The bill only become effective after the legislature approves funding for the Secretary of State to issue free voter ID cards. The bill's sponsor told reporters he estimated that it would take an appropriation of about $300,000 to set up the process.
When voting by absentee ballot, the voter must submit with the ballot a copy of his or her photo ID. Residents of nursing homes and long term care facilities would not have to show a photo ID, but they would have to show documentation from the facility administrator that they are residents. If the identity card has an expiration date, the voter can use it if it has not been expired for more than four years.
The Senate Education Committee advanced HB 1295 to restructure lottery scholarship amounts, to preserve the long-term financial stability of the Academic Challenge Scholarship program. If enacted, the bill would be the second change in scholarship amounts since Arkansas voters approved a state lottery. The first scholarships were for $5,000 a year for students at four-year universities and $2,500 for students at two-year colleges. Those amounts were later reduced to $4,500 and $2,225.

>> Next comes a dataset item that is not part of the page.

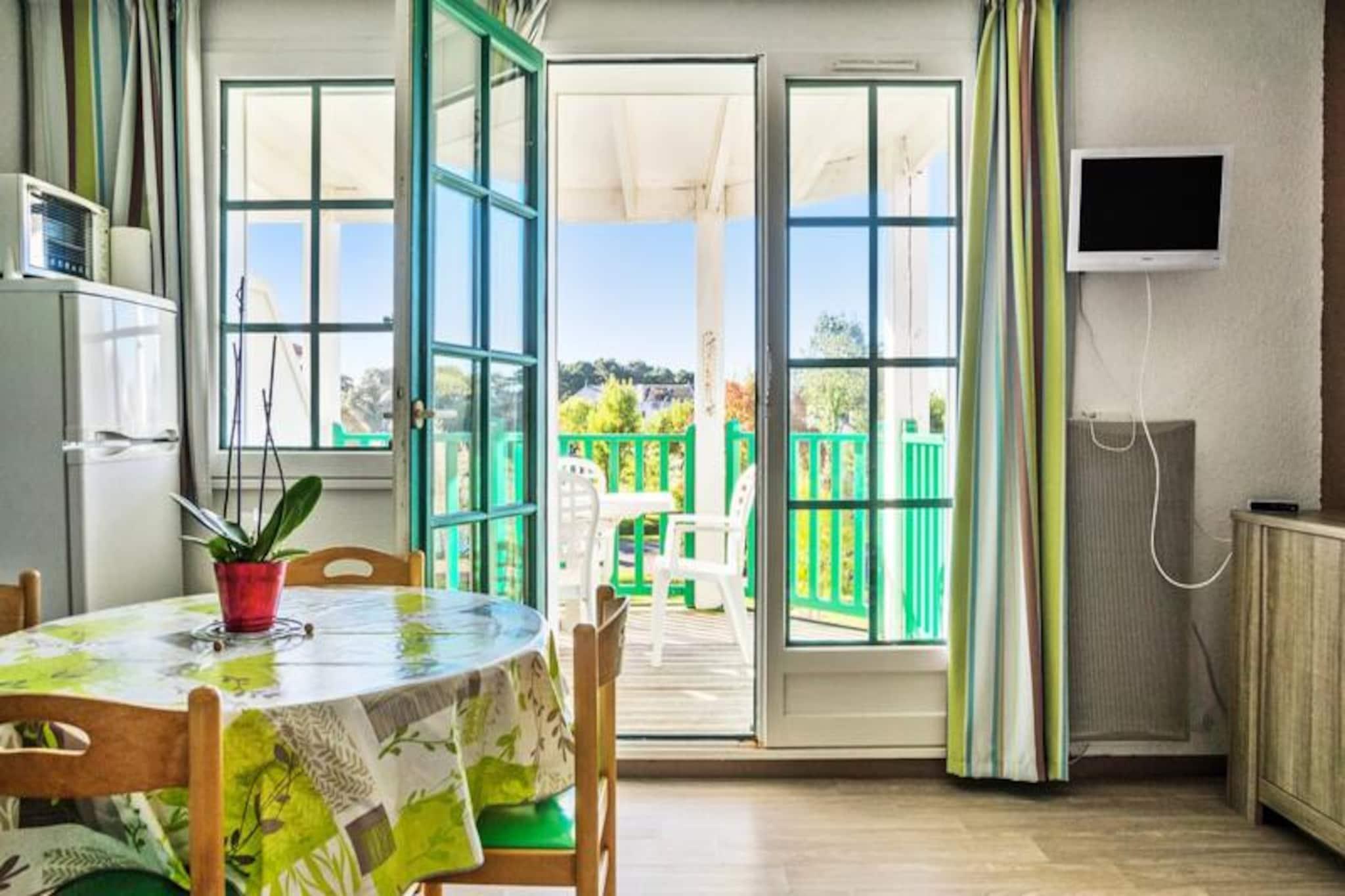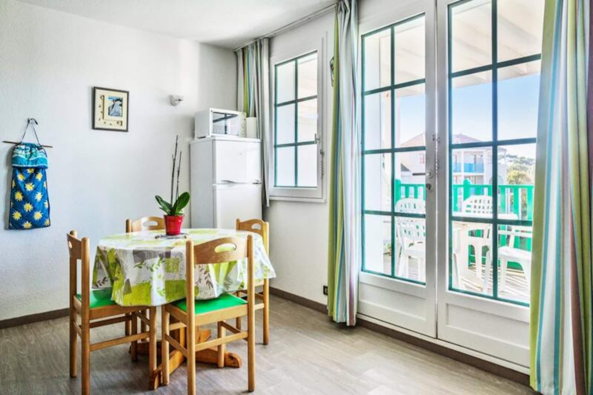 Denne komfortable lejlighed i et naturskønt boligområde kan rumme op til 4 gæster. I stuen er der en sovesofa med plads til 2, og soveværelset har en dobbeltseng. Kæledyr er tilladt i visse boliger mod ekstra gebyrer, og tjenester såsom sengelinned og håndklæder er tilgængelige mod et ekstra gebyr. Lejligheden har en møbleret balkon med bord og stole, perfekt til at nyde den sydvendte udsigt over landsbyen og søen. Der opkræves et obligatorisk slutrengøringsgebyr. Beliggende kun 300 meter fra butikker og aktiviteter, tilbyder boligen nem adgang til lokale faciliteter, herunder et pizzeria, bageri og bar/isbar. Den omkringliggende 90 hektar store ejendom, omgivet af en fyrreskov, giver direkte adgang til en rolig sø, ideel til afslapning. Gæsterne kan også nyde den nærliggende Veillon-strand, kun 2,5 km væk, med forskellige vandsportsaktiviteter og aktiviteter. For dem, der søger mere eventyr, byder området på to 18-hullers golfbaner, tennis og minigolf. Lejligheden har et veludstyret køkkenområde, åbent til stuen, med en mikrobølgeovn og vigtige apparater. Badeværelset har badekar og separat toilet. Gæsterne kan drage fordel af hotellets swimmingpools, herunder en centerpool med rutsjebaner, et soppebassin og vandspil. Gratis udækket parkering er tilgængelig, og wifi er tilgængeligt mod et ekstra gebyr.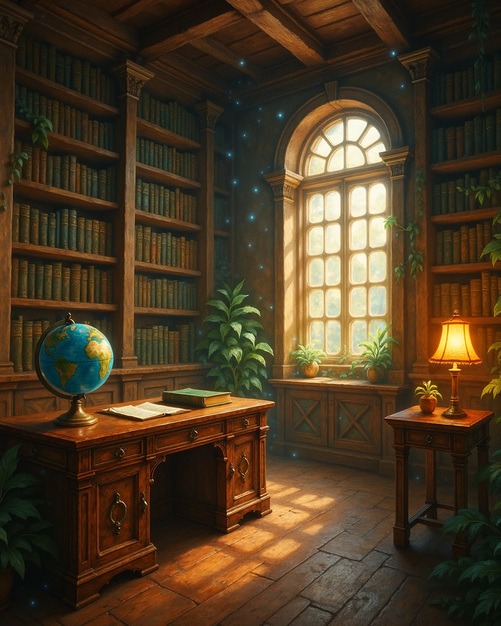 Warm painterly lighting, bioluminescent flora, floating lanterns, glowing rune accents. Works across every subject: portraits, landscapes, interiors, food, animals, architecture, urban scenes.

Under HB 1295, students already in the system would continue to get the same amounts that they first qualified for, but scholarships would be lower for students who enroll in college in the fall of 2013. Freshman would get $2,000 and if they maintain their eligibility they would get $3,000 as sophomores, $4,000 as juniors and $5,000 as seniors.
Students at two-year colleges, nursing schools and branch campuses of four-year institutions would get $2,000 each year.
Concealed Carry on Campus
The Senate Judiciary Committee advanced HB 1243 to allow employees of colleges and universities to carry a concealed handgun on campus, if they have a concealed carry permit. Also, the institution would have to have a policy that allows staff to carry concealed firearms.
The governing board of the institution would have to vote on a policy every year to prohibit staff from carrying concealed weapons. The board could adopt differing policies for different areas or buildings of the campus, or for different campuses within its supervision.
Privacy for Concealed Carry Permit Holders
SB 131, to prevent the names and zip codes of concealed carry permit holders from being made public under the state Freedom of Information Act, has passed both chambers. The governor said he would allow it to become law without his signature. It passed the House by a vote of 64-to-3 and the Senate by a vote of 24-to-9.